Re: Solr relevancy tuning

2014-05-04 Thread Jorge Luis Betancourt González

One good thing about kelvin it's more a programmatic task, so you could execute 
the scripts after a few changes/deployment and get a general idea if the new 
changes has impacted into the search experience; yeah sure the changing catalog 
it's still a problem but I kind of like to be able to execute a few commands 
and presto get it done. This could become a must-run test in the test suite of 
the app. I kind of do this already but testing from the user interface, using 
the test library provided by symfony2 (framework I'm using) and the functional 
tests. It's not test-driven-search-relevancy "perse" but we ensure not to mess 
up with some basic queries we use to test the search feature.

- Original Message -
From: "Giovanni Bricconi" 
To: "solr-user" 
Cc: "Ahmet Arslan" 
Sent: Friday, April 11, 2014 5:15:56 AM
Subject: Re: Solr relevancy tuning

Hello Doug

I have just watched the quepid demonstration video, and I strongly agree
with your introduction: it is very hard to involve marketing/business
people in repeated testing session, and speadsheets or other kind of files
are not the right tool to use.
Currenlty I'm quite alone in my tuning task and having a visual approach
could be benefical for me, you are giving me many good inputs!

I see that kelvin (my scripted tool) and queepid follows the same path. In
queepid someone quickly whatches the results and applies colours to result,
in kelvin you enter one on more queries (network cable, ethernet cable) and
states that the result must contains ethernet in the title, or must come
from a list of product categories.

I also do diffs of results, before and after changes, to check what is
going on; but I have to do that in a very unix-scripted way.

Have you considered of placing a counter of total red/bad results in
quepid? I use this index to have a quick overview of changes impact across
all queries. Actually I repeat tests in production from times to time, and
if I see the "kelvin temperature" rising (the number of errors going up) I
know I have to check what's going on because new products maybe are having
a bad impact on the index.

I also keep counters of products with low quality images/no images at all
or too short listings, sometimes are useful to undestand better what will
happen if you change some bq/fq in the application.

I see also that after changes in quepid someone have to check "gray"
results and assign them a colour, in kelvin case sometimes the conditions
can do a bit of magic (new product names still contains SM-G900F) but
sometimes can introduce false errors (the new product name contains only
Galaxy 5 and not the product code SM-G900F).

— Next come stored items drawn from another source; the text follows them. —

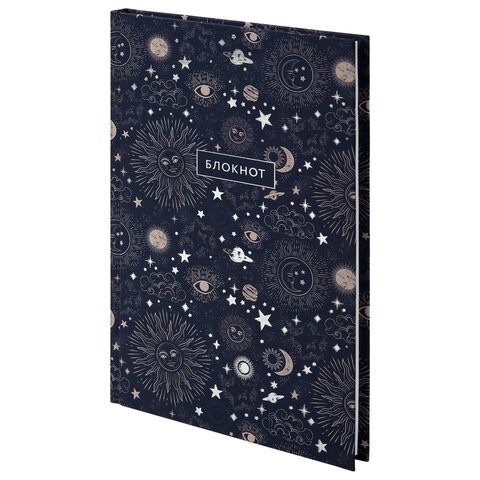 Жесткая обложка с матовой ламинацией и тиснением фольгой долго сохраняет привлекательный внешний вид и позволяет делать записи на весу. 80 листов позволят зафиксировать большой объем информации. Линовка блока в клетку дает возможность аккуратно заполнить цифровые значения, а также нанести чертежные зарисовки. Внутренний блок выполнен из офсета белого цвета плотностью 60 г/м2 и крепится к обложке с помощью книжного переплета. Формат блокнота А5 (134х206 мм) позволит владельцу поместить его в кейс или сумку малых габаритов. Обложка блокнота с оригинальным рисунком - стильное решение среди записных аксессуаров.
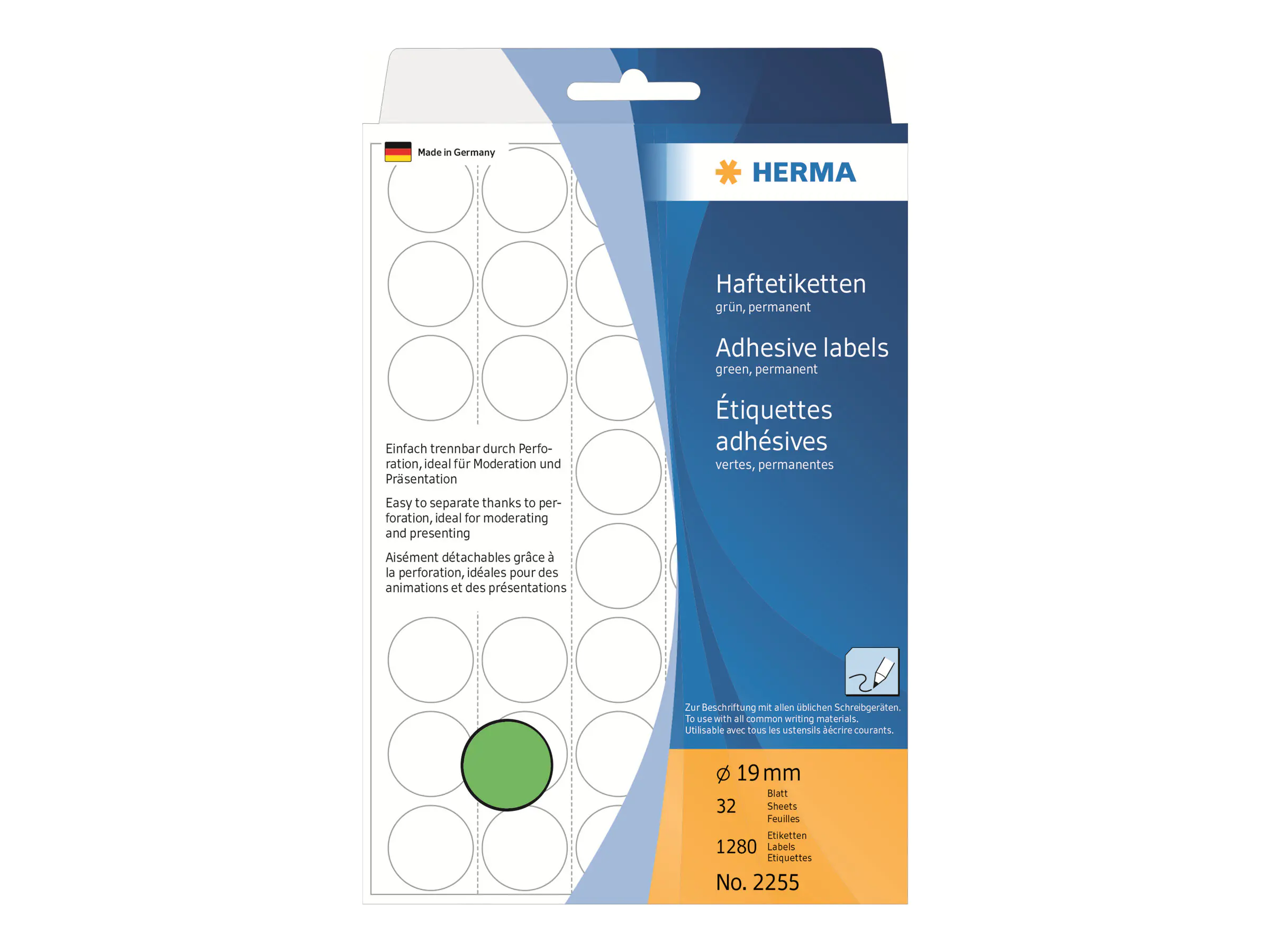 Beschreibung | HERMA Papier - permanenter Klebstoff - grün - 19 mm rund 1280 Etikett(en) (32 Bogen x 40) Mehrzwecketiketten | |||
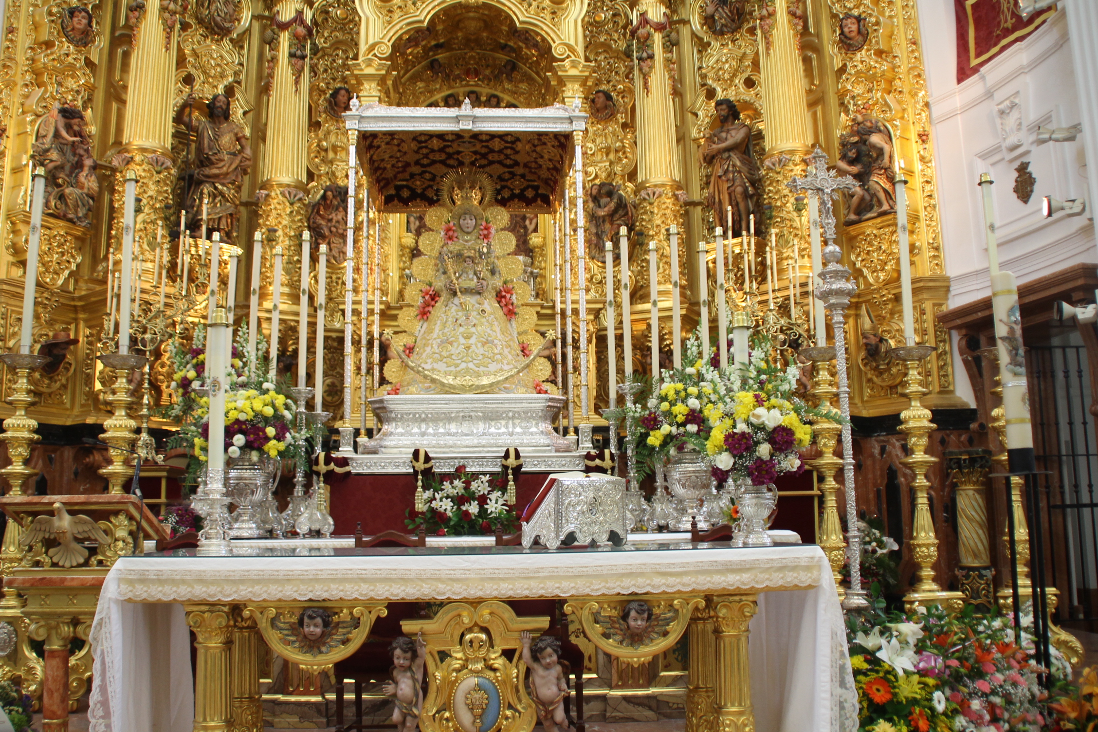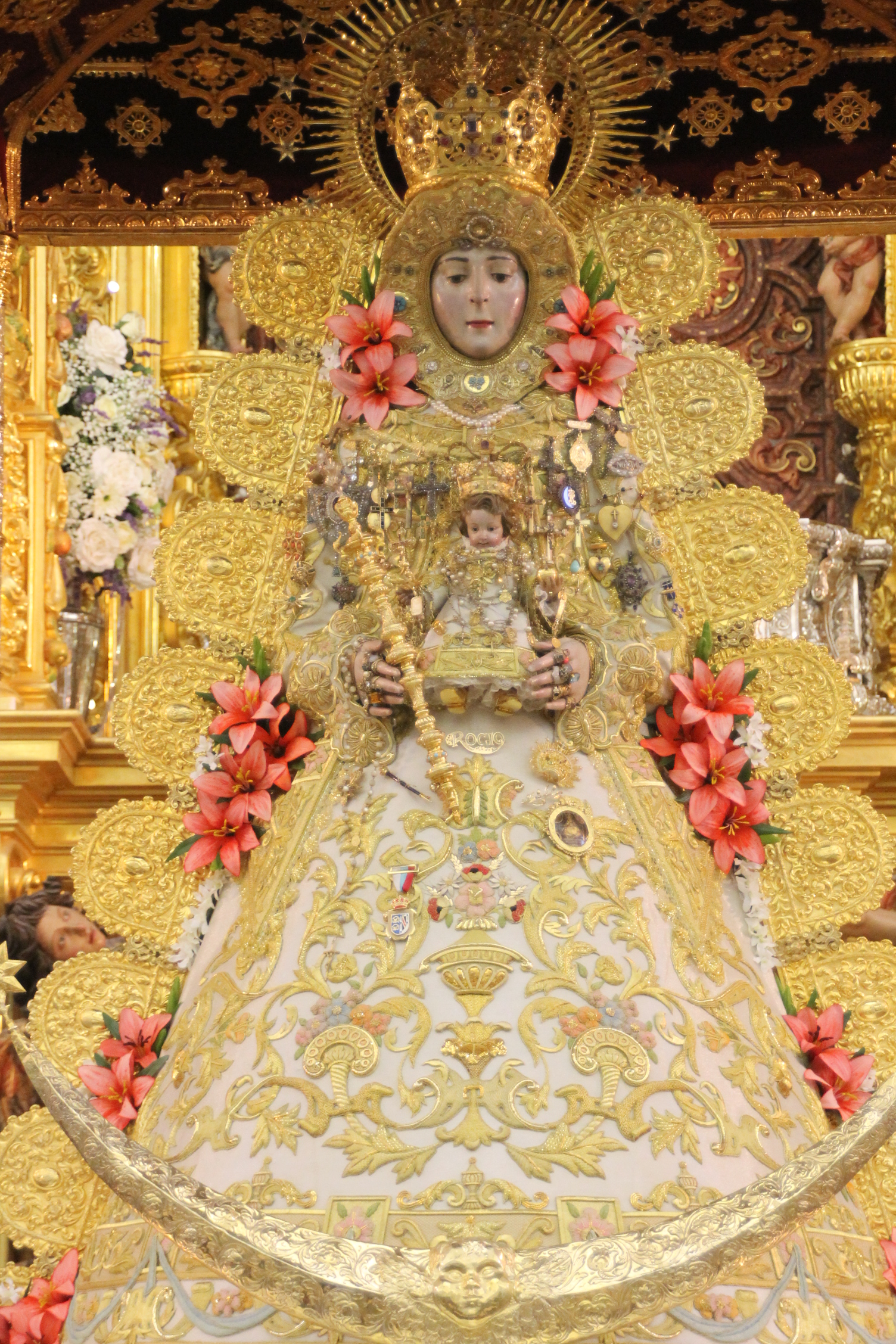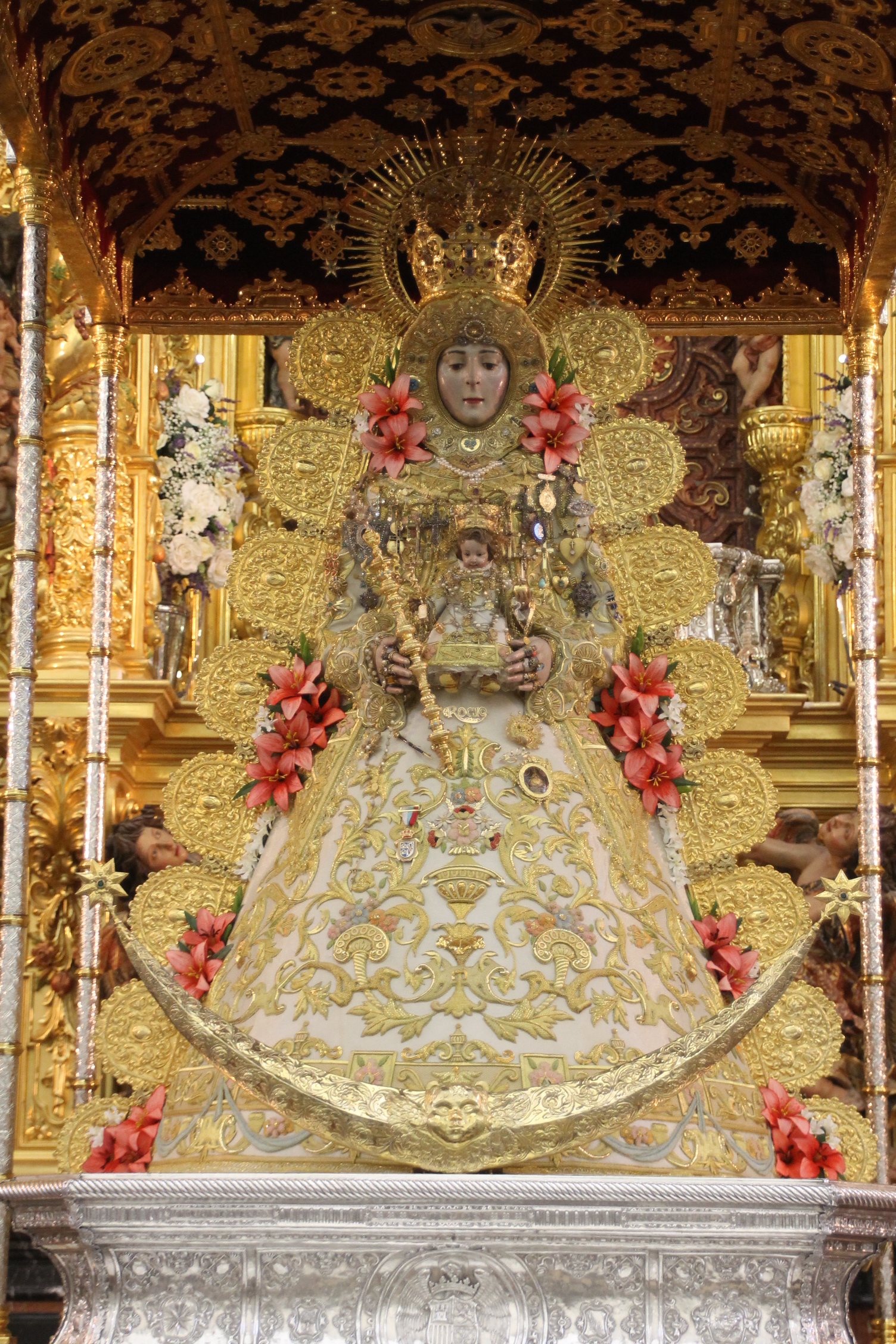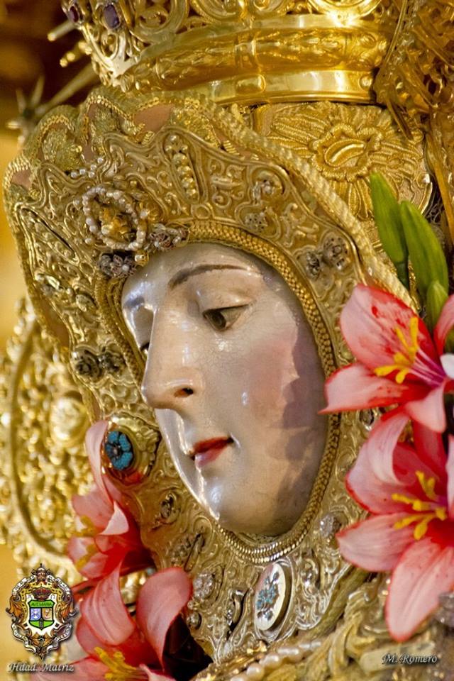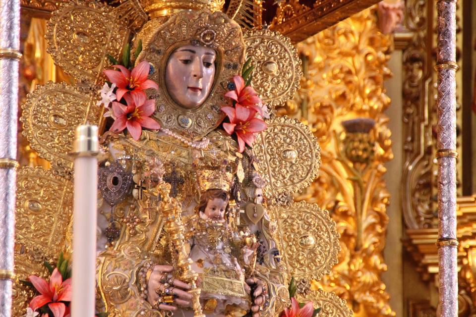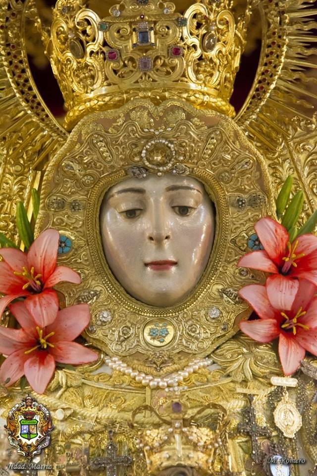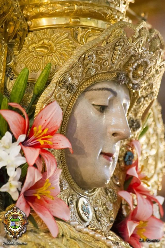 En la noche del domingo al lunes 4 de mayo, la Stma. Virgen del Rocío ha sido vestida por las hermanas camaristas para la próxima Romería y entronizada en su paso.

So some checks are needed but
with quepid everybody can do the check, with kelvin you have to change some
line of a script, and not everybody is able/willing to do that.

The idea of a static index is a good suggestion, I will try to have it in
the next round of search engine improvement.

Thank you Doug!

2014-04-09 17:48 GMT+02:00 Doug Turnbull <
dturnb...@opensourceconnections.com>:

> Hey Giovanni, nice to meet you.
>
> I'm the person that did the Test Driven Relevancy talk. We've got a product
> Quepid (http://quepid.com) that lets you gather good/bad results for
> queries and do a sort of test driven development against search relevancy.
> Sounds similar to your existing scripted approach. Have you considered
> keeping a static catalog for testing purposes? We had a project with a lot
> of updates and date-dependent relevancy. This lets you create some test
> scenarios against a static data set. However, one downside is you can't
> recreate problems in production in your test setup exactly-- you have to
> find a similar issue that reflects what you're seeing.
>
> Cheers,
> -Doug
>
>
> On Wed, Apr 9, 2014 at 10:42 AM, Giovanni Bricconi <
> giovanni.bricc...@banzai.it> wrote:
>
> > Thank you for the links.
> >
> > The book is really useful, I will definitively have to spend some time
> > reformatting the logs to to access number of result founds, session id
> and
> > much more.
> >
> > I'm also quite happy that my test cases produces similar results to the
> > precision reports shown at the beginning of the book.
> >
> > Giovanni
> >
> >
> > 2014-04-09 12:59 GMT+02:00 Ahmet Arslan :
> >
> > > Hi Giovanni,
> > >
> > > Here are some relevant pointers :
> > >
> > >
> > >
> >
> http://www.lucenerevolution.org/2013/Test-Driven-Relevancy-How-to-Work-with-Content-Experts-to-Optimize-and-Maintain-Search-Relevancy
> > >
> > >
> > > http://rosenfeldmedia.com/books/search-analytics/
> > >
> > > http://www.sematext.com/

Re: Solr relevancy tuning

2014-04-11 Thread Giovanni Bricconi

Hello Doug

I have just watched the quepid demonstration video, and I strongly agree
with your introduction: it is very hard to involve marketing/business
people in repeated testing session, and speadsheets or other kind of files
are not the right tool to use.
Currenlty I'm quite alone in my tuning task and having a visual approach
could be benefical for me, you are giving me many good inputs!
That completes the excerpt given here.